2.9 Statistical analysis
To estimate differences in
$\mathit{ln}(OR)$
and
$SE\left(\mathit{ln}(OR)\right)$
between the synthesis models, we fitted multilevel models with fixed effects for the synthesis model, random intercepts for network and treatment comparison within each network, and allowed the residual variance to vary across the models. These multilevel models were fitted to the treatment estimates, comparing each treatment to the reference treatment (i.e., control/placebo treatment). For example, for a network with three treatments, 1, 2, 3, where 1 was the control/placebo arm, we included estimates comparing treatments 2 vs. 1, and 3 vs. 1. These models did not account for uncertainty in estimating
$\mathit{ln}(OR)$
and
$SE\left(\mathit{ln}(OR)\right)$
. To estimate the differences in the rank and SUCRA (%) values between the synthesis models, we again fitted multilevel models with random intercepts for the network. For these multilevel models, we selected the treatment ranked highest (i.e., rank = 1) for each synthesis model and kept the corresponding ranking and SUCRA value from the other synthesis models. For the multilevel model for SURCRA values, we allowed the residual variance to vary across the models. Finally, for the CSMs, we fitted a linear regression model to estimate differences in
$\mathit{ln}\left(\tau \right)$
between the synthesis models. This regression did not account for uncertainty in estimating
$\mathit{ln}\left(\tau \right)$
.
The initial regression models included only terms for the synthesis models used to synthesize the data. CSM1 (i.e., CSM in a Bayesian framework with a non-informative prior) was chosen as the reference synthesis model. Additional models included interaction terms between the synthesis model and the factors that we hypothesized to modify the differences in the network estimates between the synthesis models (note that a separate model was fitted for each factor). Including the interaction terms allowed the linear relationship between the continuous factor and the network estimates to vary by synthesis model. From these additional multilevel models, and for each synthesis model, we calculated the difference between the predicted network estimates calculated at the 75th and 25th percentiles of the hypothesized factor of interest. We then compared the difference for each synthesis model against the difference for the reference model (i.e., CSM2 vs. CSM1, etc.). For outcomes on the log scale, we exponentiated the differences, which yielded ratios. See Supplementary Material (pp. 5–6) for the model and formulae.
Stata version 18 34 was used to fit the multilevel models and to create the graphical displays.
3 Results
Of the 456 available networks, 118 were available for our analyses (see Figure 1 for reasons for exclusion).

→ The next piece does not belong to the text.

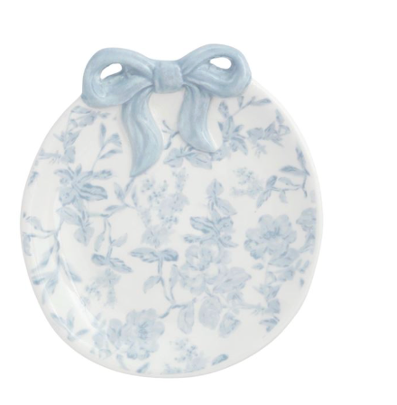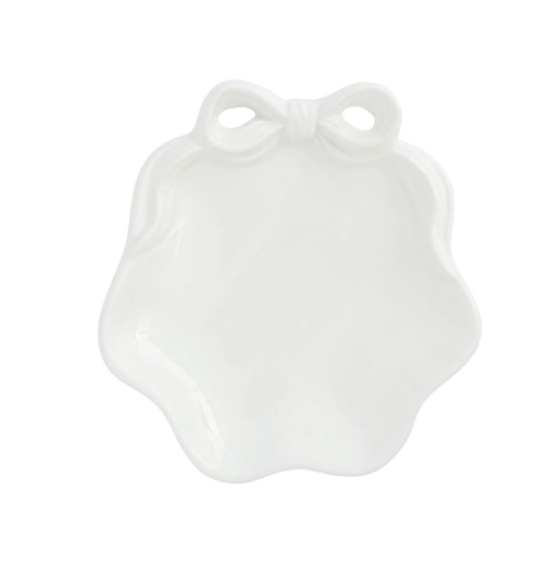 Ceramic ring dish features hand-painted, dimensional ceramic bow and ribbon detail around rim.
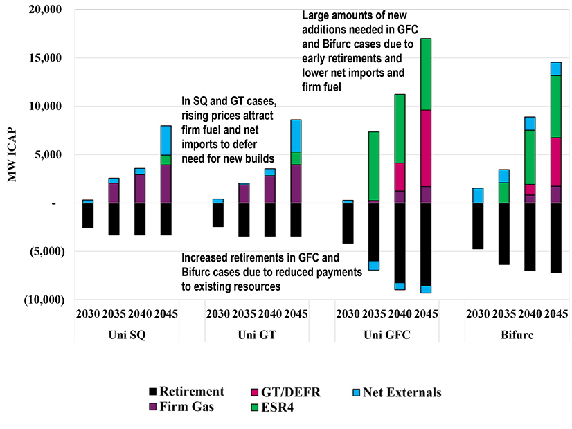 The statewide economic and reliability supply changes under several different scenarios that the MMU analyzed | Potomac Economics

Figure 1 Flow diagram of networks included in the empirical analysis comparing contrast-synthesis and arm-synthesis models to synthesize evidence in network meta-analysis.
3.1 Characteristics of included networks
The list of networks and their characteristics are provided in Supplementary Table S2, the network plots are available as Online material http://nma.emilykarahalios.com/ and summary characteristics are provided in Supplementary Table S3. The median number of included treatments was 7 (inter-quartile range (IQR): 5, 9). The median number of studies included in each network was 20 (IQR: 13, 40). Of the 118 networks, 31 (26%) were star-shaped. Most networks compared a pharmacological treatment to placebo (n = 101; 86%), 4 (3%) compared pharmacological vs. pharmacological treatments, and 13 (11%) included at least one non-pharmacological treatment. Most of the networks had an objective (n = 43; 36%) or semi-objective (n = 52; 44%) outcome; only 23 (20%) had a subjective outcome.
3.2 Results of fitting Bayesian models and assessment of convergence
The convergence and estimation results from fitting the models to the networks are provided in the Supplementary Material (pp. 18–26), characteristics of the 25 networks that failed to converge after inspection of the convergence diagnostics when fitting ASM2 are provided in Supplementary Table S4, and the characteristics of the three networks that failed to yield one or more estimates (i.e.,
$\mathit{ln}(OR)$
, or
$SE\left(\mathit{ln}(OR)\right)$
) using one of the ASMs are provided in Supplementary Table S5.
3.3 Comparison of the contrast-synthesis and arm-synthesis models
3.3.1 Odds ratios
The estimates obtained from the two CSMs implemented in a Bayesian framework (i.e., CSM1 and CSM2) using data from 118 networks with 867 treatment comparisons were similar (ratio of
$OR$
s comparing CSM2 vs. CSM1: 1.03 (95% Confidence Interval (CI): 0.72, 1.46)) (Table 2 – 3rd column; Dataset available in Excel file—Supplementary Table S12). The estimates obtained from the CSM implemented in a frequentist framework (i.e., CSM3) tended to show less benefit than those obtained from the Bayesian CSMs: CSM3 vs. CSM1: 0.57 (95% CI: 0.44, 0.73), and CSM3 vs. CSM2: 0.55 (95% CI: 0.43, 0.72) (Table 2 – 4th column). The Bland-Altman plots (Figure 2) reflected these results. Given that CSM1 and CSM2 were similar, we focus on the comparison of CSM3 vs. CSM1. The corresponding Bland-Altman plot (Figure 2) showed that the difference in the
$\mathit{ln}(ORs)$
depended slightly on the size of the
$\mathit{ln}(ORs)$
, but the regression-based limits of agreement were narrow (ranging from –0.2 to 0.2).
Table 2 Comparison of the ratio of the odds ratios across the five synthesis models

The table shows the ratio of odds ratios (95% confidence interval) and corresponding p-value (column model compared to row model). For example, the ratio of odds ratios comparing arm-synthesis model 2 to arm-synthesis model 1 (includes 557 treatment comparisons from 90 networks) is 0.68 (95% CI: 0.56, 0.83), which indicates that the odds ratios from arm-synthesis model 2 are, on average, 32% smaller than the odds ratios from arm-synthesis model 1.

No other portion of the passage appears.